Reduce - reuse - recycle


----------



## ComeOnFish (Apr 8, 2009)

Croc.
They look ugly, but most functional, and fish love them. Fish jumped into my kayaks all the time. They won't smell bad after several years of saltwater use. Very cushy and probably the only one that don't get smelly. I am waiting for one more pair until Costco put them on the floor at around $15. Real men can wear anything. I am waiting for ones with Chartreuse color

Joe


----------



## atblis (Jul 20, 2003)

*Hmm*

These perhaps?
http://www.zappos.com/keen-hood-river-boot-dark-gull-grey-yellow










I like Keens, and have a couple pairs. They are made in China, and sometimes have quality issues. In general, they are solid shoes.


----------



## BIG FINN (Jul 14, 2009)

Too Busy said:


> Wading shoes are the last stop of my ratty old running shoes before they hit the trash. I buy running shoes, put a few hundred miles on them, then they become grass cutting shoes and the old grass cutting shoes become yakking / wading shoes.
> 
> Reduce - reuse - recycle


Yeah I did that till I pulled them apart and found mold growin between the soles *ick*


----------



## Too Busy (Sep 7, 2007)

BIG FINN said:


> Yeah I did that till I pulled them apart and found mold growin between the soles *ick*



ya gotta let em dry thoroughly or :--|

My Saucony and Asics dry pretty fast, so no funk.


----------



## surfnsam (Apr 28, 2008)

i agree crocs are the one, they dry fast, don't smell, soft and light. the squeaking noise is just a bonus, not great for spsp the small rocks get in and kill your feet


----------



## Too Busy (Sep 7, 2007)

one problem w/ crocs. they are slick as snot when you step on wet mud.

well make that 2 problems; oysters slice thru them like a hot knife thru butter.


----------



## OBX_Rat (Jul 12, 2007)

I use surfing booties 2 mm neoprene, and merrell helium ventilators


----------



## mud (Sep 23, 2007)

I third the crocs as thats what I wear religously. They are slick when wet but they do dry fast have no mold or fishy smell and they float. I only have the OFF ROAD green pair that bps sells for 39.99 and usually get a couple pair when they go on sale for like 29. Very comfy and have that strap that you can use or rip off and throw away...just plain awesome for paddling oh and I did mention they FLOAT!! Soooo comfy but do make your feet look a little funny as the sun beats thru the top and will leave tan spots on the top of my feet but thats the only negative I have found.


----------



## atblis (Jul 20, 2003)

Got a pair of Keen sandals on the way (got them on sale) for kayak use. Will give a review eventually.


----------



## atblis (Jul 20, 2003)

*Mini Review*

I don't think this warrants a new thread, so I'll post this here.

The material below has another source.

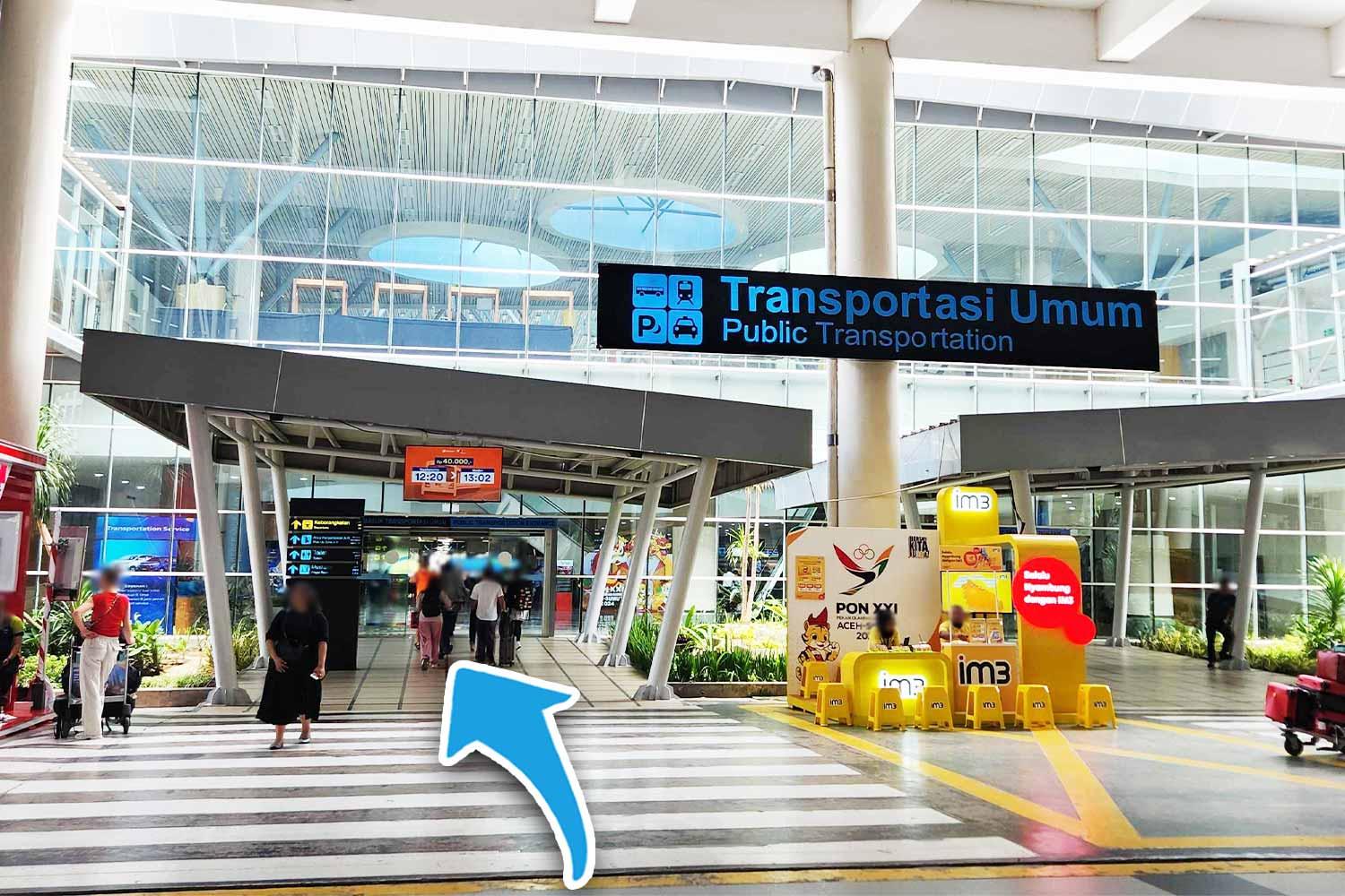 게이트를 나와서 대중교통 표지판을 향해 우회전하세요.
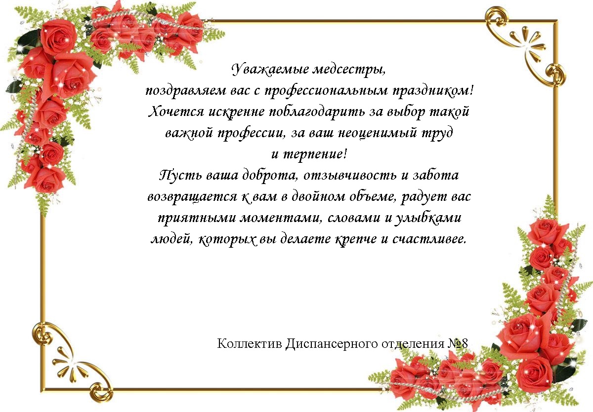 Поздравление и фото на память от медицинских сестёр диспансерного отделения 5.

Here's a short review of the Keen sandals I purchased.

I purchased a pair of Keen Newport H2 sandals. $60 off of Ebay.
http://www.keenfootwear.com/product/ss10/shoes/men/waterfront/newport h2/forest night! leather brown

Good
-Appear sturdily made. Should prove durable
-Comfortable. Can wear them around town and even hiking
-They do protect your feet well

Bad
-Don't dry out very fast
-Somewhat tricky to get on and off. More about this below
-Collect rocks and sand like crazy. More about this below

The last bad item warrants further comment because IMO this is a fatal flaw if you intend to use them for Kayaking. Rocks and sand get sucked right in the side and are impossible to get out without removing the sandals. It is uncanny how easily they collect crap. Combine this with the fact that they are not easy to take on and off... Ultimately this is a tradeoff though. If you want support and protection...

Despite the negatives, I like them and find myself wearing them every day. They are nice sandals and seem to be well made. Once nice feature that mitigates the hard to put on thing is that can be worn like flip flops. You can put them one and wear them without putting the back strap on your ankle. 

I think I'd prefer more of a boot that cannot get rocks and sand in them over a sandle. That's probably the direction I'll head.


----------



## surfnsam (Apr 28, 2008)

thats why i like Crocs when pebbles and sand get in on a beach launch u can rinse them in the water while on your feet and the stones and junk rinse right out. ive worn my Islanders that have leather upper like boat shoes for 2 years and they haven't fallen apart yet.


----------



## cducer (May 7, 2010)

I bought a pair of Korkers wading sandels 2 years ago and love em. they have interchangable soles so you can adapt to your use. I wear them over my waders too with no problems other than sand collecting under foot.


----------



## Too Busy (Sep 7, 2007)

I had a gift certificate that was about to expire so I bought a pair of Soloman wading shoes last month. They are definitely a step up from my ratty running shoes. Light, great traction, good solid sole for protection from oysters.

1 bad thing is they collect sand. it somehow filters in through the mesh like uppers but can't find it's way out.


----------